# 9 week old puppy and "gay tail"



## americanmuscle (Aug 10, 2013)

Does anyone have pics of adult pits with "Gay tails"? I'm just wondering what he will look like when he's full grown. Does he have a gay tail? Is there a way to correct or help it?


----------



## americanmuscle (Aug 10, 2013)

Heres another pic..


----------



## ::::COACH:::: (Apr 4, 2012)

It does look gay....you can't correct it as it is a structural thing...but maybe he won't always hold it up as he matures??
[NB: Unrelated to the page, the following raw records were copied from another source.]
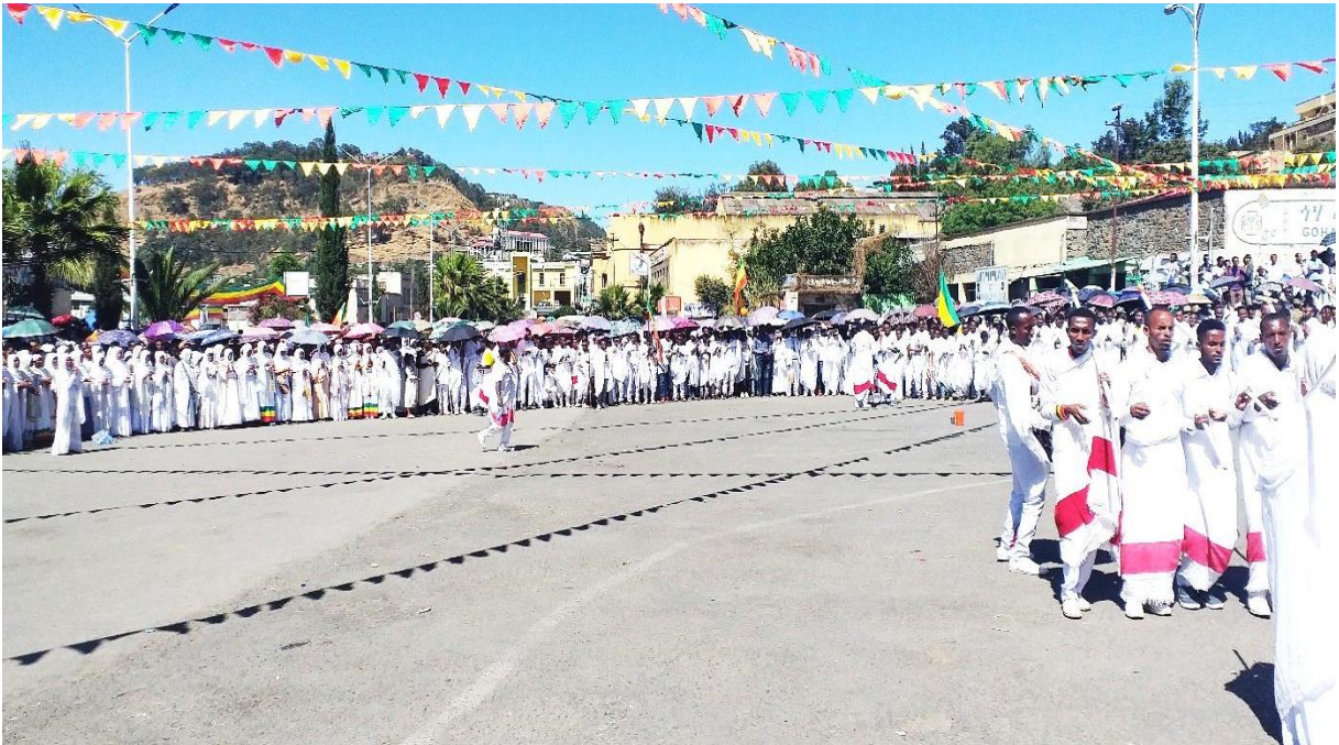
(የጎንደር ጥምቀት ማስረገጫ ቦታ ስፋት እና ሥርዓት በፒያሳ 2013)

ምክንያት ታቦታቱንና ካህናቱን የማስቀደም ሥራ ይሠራሉ። በዚህ በታቦታቱና በምእመኑ መካከል ያለው ቦታ ሰፊ ነው። ሰፊ የሆነበት ምክንያት ለታቦታቱ ካለው ክብር የሚመነጭ ነው። ሌላው የጎንደር ማኅበረሰብ የሊቃውንት ሀገር ከመሆኑ ጋራ ተያይዞ ለዕውቀት ትልቅ የሆነ ቦታ አለው።
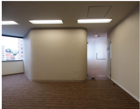
アースカラーの優しい色合いのインテリア
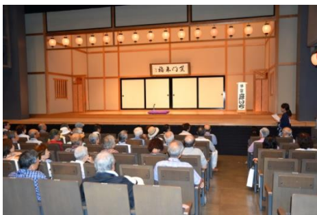
高座（にぎわい座の舞台）
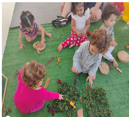
Atividade 2: Contexto investigativo território dos dinossauros
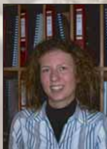
Najprv Boh a potom všetko ostatné

„Kúp“ si svoj strom - a nielen v Tatrách
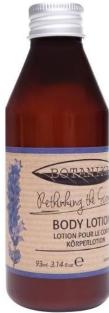
BODY LOTION Green Tea enriched with Cucumber fragrance
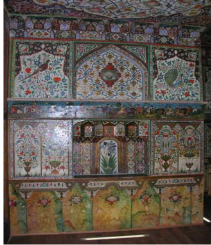
Resim 22. Şaki Han Sarayı. İkinci kat, merkez oda kuzey duvarındaki resimler
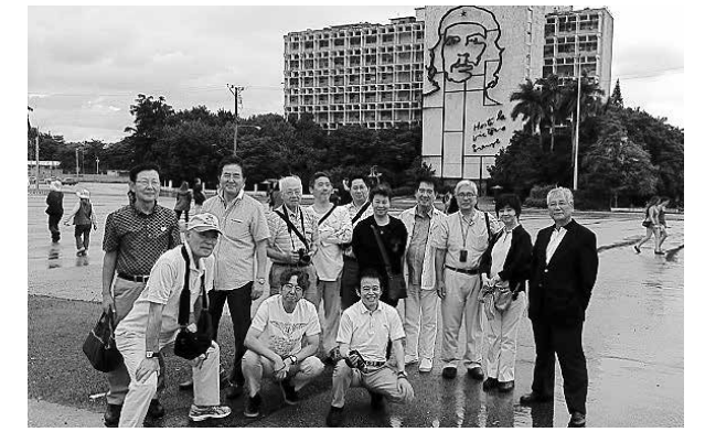
革命広場・ゲバラ像をバックに
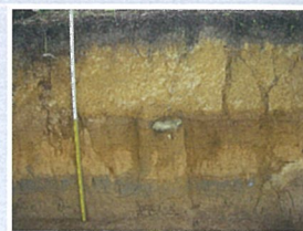
都城盆地の火山灰層

発掘調査による出土品、発掘現場から実際に剥ぎ取った、都城盆地で見られる火山灰層の転写、明治維新から西南戦争などの資料、各時代を分かりやすく解説した写真パネル・模型等によって、縄文時代早期から近現代にいたるまでの都城の歴史を紹介しています。
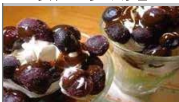
ブルーベリーパフェ
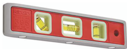
Nível Mod. 395
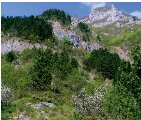
Sl. 3: Habitat vrste na pobočju nad vasjo Ribjek.

Here is an adult dog I found online with a gay tail...


----------



## americanmuscle (Aug 10, 2013)

It there a possible way to tape it loosely to train it to be straight? Kind of like cropping a doberman or great dane's ears?


----------



## ::::COACH:::: (Apr 4, 2012)

I've never heard of there being a way to tape or correct it. Your pup is cute, I'd just leave it alone


----------



## ames (Jun 6, 2010)

::::COACH:::: said:


> I've never heard of there being a way to tape or correct it. Your pup is cute, I'd just leave it alone


Agreed, I would leave it alone too.

It might relax a bit we they grow. Are you planning on showing your dog is that the concern?


----------